PERAMBULATIONS
The original shoe leather taxi and overnight express coming from a lack of transport for those few hours between the pubs and clubs closing and the breakfast rush. After-parties and those of a nocturnal nature walking home before it becomes shameful and embarrassing. Sometimes this is the only time during the day that relaxation or turning off for a bit can happen. Trying to fit the workload in-between a manic whirlwind of meetings pre and post job clarifications and debriefings, as well as the days’ shoots and edits.
Walking home from after-parties and late gigs, cooling off the brain and chilling down the body as the steps pass by and sometimes still having card space or on a day off fill up the card for my own amusement and gratification. Walk the Paths where the pre-visualised decisive moments have occurred, never to be repeated and so a search goes on to capture another scene or viewpoint, remembered or found whilst perambulating.
What is Street Photography?
How can it be classified in the social media age?
How do you practice it?
Why are any of the above relevant to you?

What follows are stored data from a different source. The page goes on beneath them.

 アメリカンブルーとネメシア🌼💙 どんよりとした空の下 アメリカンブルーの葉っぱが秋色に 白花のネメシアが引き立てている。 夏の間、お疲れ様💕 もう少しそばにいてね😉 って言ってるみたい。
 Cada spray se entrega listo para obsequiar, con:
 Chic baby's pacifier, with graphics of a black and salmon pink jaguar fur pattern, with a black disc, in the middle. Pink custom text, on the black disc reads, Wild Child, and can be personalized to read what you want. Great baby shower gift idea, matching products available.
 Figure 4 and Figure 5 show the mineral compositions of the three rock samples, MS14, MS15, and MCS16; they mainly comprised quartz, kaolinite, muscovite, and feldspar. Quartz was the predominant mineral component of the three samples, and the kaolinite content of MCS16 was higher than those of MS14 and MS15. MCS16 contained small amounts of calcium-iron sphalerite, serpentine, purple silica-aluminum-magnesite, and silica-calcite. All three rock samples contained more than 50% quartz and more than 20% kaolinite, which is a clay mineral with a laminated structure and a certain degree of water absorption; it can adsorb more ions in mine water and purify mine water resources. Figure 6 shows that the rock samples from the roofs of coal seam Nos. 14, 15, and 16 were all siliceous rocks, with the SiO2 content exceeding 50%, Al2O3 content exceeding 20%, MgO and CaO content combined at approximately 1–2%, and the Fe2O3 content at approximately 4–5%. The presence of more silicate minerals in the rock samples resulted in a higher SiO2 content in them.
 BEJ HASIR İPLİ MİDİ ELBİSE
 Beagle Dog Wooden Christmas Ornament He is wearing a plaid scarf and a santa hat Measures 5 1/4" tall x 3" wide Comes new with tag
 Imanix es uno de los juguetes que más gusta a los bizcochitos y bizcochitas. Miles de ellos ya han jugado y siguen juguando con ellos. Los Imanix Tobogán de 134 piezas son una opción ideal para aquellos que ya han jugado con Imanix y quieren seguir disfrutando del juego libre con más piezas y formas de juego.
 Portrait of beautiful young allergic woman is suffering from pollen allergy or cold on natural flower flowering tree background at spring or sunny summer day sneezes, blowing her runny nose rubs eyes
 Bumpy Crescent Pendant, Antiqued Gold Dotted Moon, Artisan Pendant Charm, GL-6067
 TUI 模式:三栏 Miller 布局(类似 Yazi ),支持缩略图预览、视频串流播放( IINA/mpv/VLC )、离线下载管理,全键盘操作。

The side projects that come from working in the Herbalverse can arrive from diverse and eclectic thinking. Growing up in the Seventies in, on and around, the various Edgelands that surrounded my childhood house, which included; working docks and rivers, ever-expanding housing estates and industrial estates. Shrinking train and tram lines, The drains criss-crossing in between and graveyards everywhere in the older parts. In between all of it a plethora of public houses, coaching inns, hostelries and taverns. All locally renowned for various reasoning and fabled stories. It is in these places that the local history is written.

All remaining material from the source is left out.